Review: She Wolf
She Wolf is a one-woman play on the corrosive effects of living in an unfettered, free-market capitalist society that is imbued with unrelenting masculinist tendencies. The protagonist works hard in an office when an opportunity for promotion presents itself. Being the best in her rank, and well placed for elevation, she applies for the position only to be passed over in favour of an incompetent male candidate who also happens to be related to one of the bosses.
What happens next is a salutary lesson on the consequences of so blatantly subverting the mirage of meritocracy.
Isla Cowan’s performance is a tour-de-force. We first meet her protagonist at the zoo. The clever conceit here is that the audience are the animals and as she addresses us with her story, she forces us to look at ourselves. How deep is the coat of civilised veneer covering our beast within? How sealed is that skin? For the protagonist, it has already been breached…and may well be beyond repair. That’s why she’s here: to join us in the enclosed area because whatever is here, it is way more civilised than what is out there on the city streets. She watches us as we engage in typical animal behaviour. She understands us. We are not the beasts. We are the real unvarnished world in all its terrible splendour. There is no splendour to be found on the streets of Edinburgh.
They’re coming for her of course. Whatever she has done has to be corrected. Civilly. The play is executed to beautiful precision. And we, the caged animals, can only look on and grunt.
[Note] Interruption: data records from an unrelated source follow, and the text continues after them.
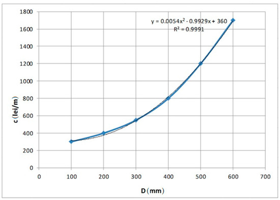 Based on statistical data and the comparative situation of the cost indices obtained during the execution of water discharge networks from mining works, the average values were determined for the specific investment costs in the networks’ pipes, whose variation with diameter is graphically presented in Figure 3.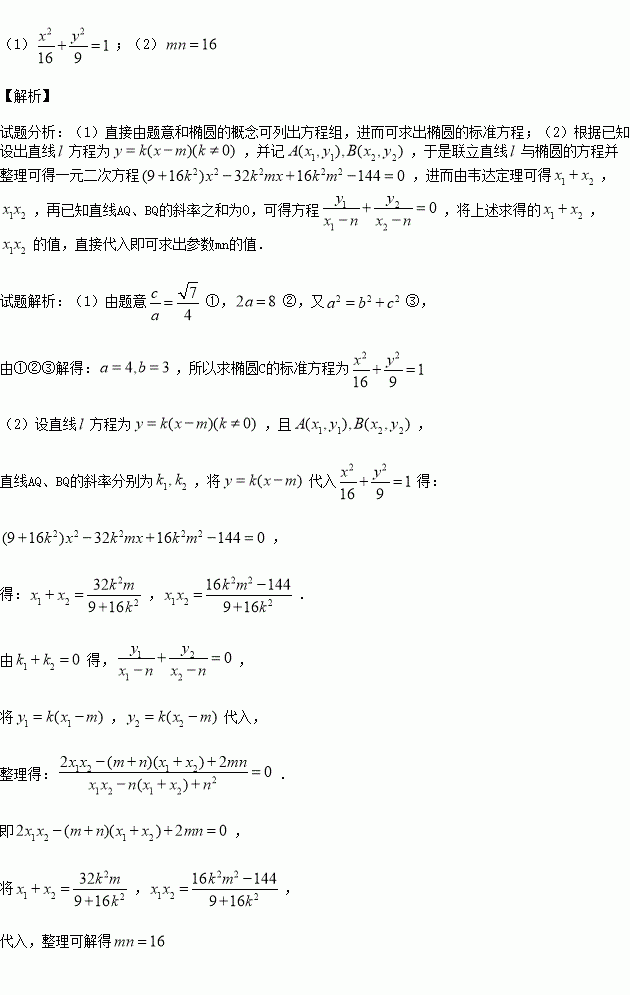,直线AQ,BQ的斜率之和为0,求mn的值.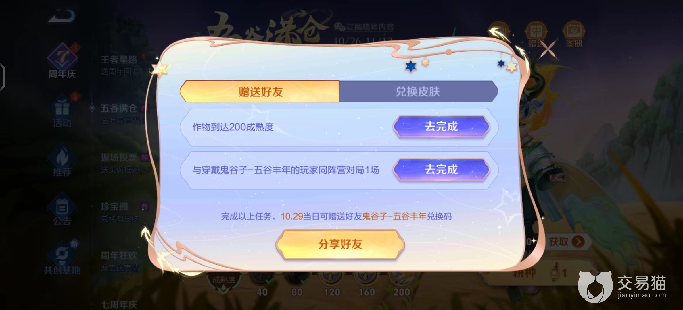 当你的好友已经达到了200点的成熟度,并且和使用此皮肤的玩家参与一场5V5对局,就可以生成兑换码,而他的兑换码可以让你在不完成任务的情况下直接获得鬼谷子新皮肤,以上就是小编带来的王者荣耀鬼谷子周年庆皮肤怎么获取相关信息,希望大家可以成为朋友圈中第一个晒出皮肤人。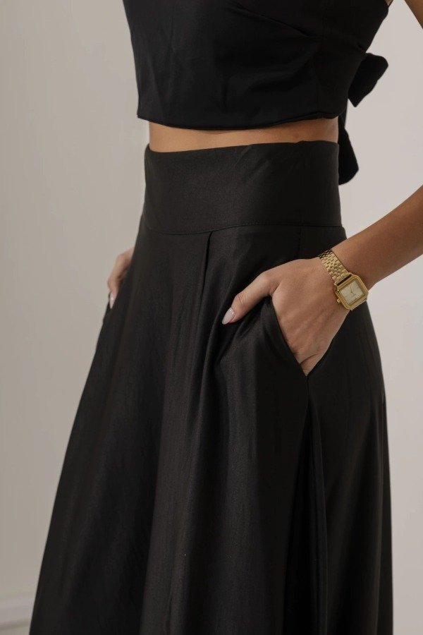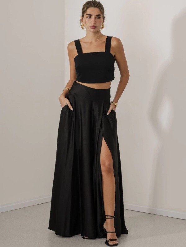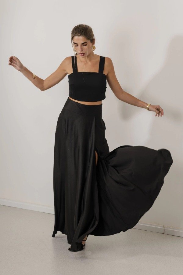 Descubre la maxi falda de crepe sedoso liso que redefine la elegancia y la comodidad. Confeccionada con un material liviano, esta prenda ofrece una caída perfecta que se mueve con cada paso. Destaca por su tajo lateral que añaden un toque sensual y permiten una movilidad excepcional.

Whilst the inciting incident suggests the latest in a long list of incidents for it to be commensurate with such a response, the question that crossed my mind was: had she not been overlooked for promotion, had she been the token candidate, would she still be sitting here before us today? Or would all instead be fine? That’s a complicated point as it raises all sorts of questions about personal compliance and threshold levels: un-breached, we’ll go along with societal norms for personal gain. Introducing the element of nepotism complicates the central argument (that women are regularly and repeatedly overlooked in favour of men) since nepotism crosses the gender divide in complex ways.
These are; however, small points. She Wolf reminds us that however comfortable we are, there are those for whom the system does not work but will continue to comply anyway. We prefer it that way. Safe in the knowledge we can post our outrage on social media, or roll our eyes over a glass of Rioja in a salubrious drinking establishment knowing that nothing will ever actually change. She Wolf implores us to reconsider.
She Wolf ran Aug 18 - 28 at Assembly Roxy, Edinburgh.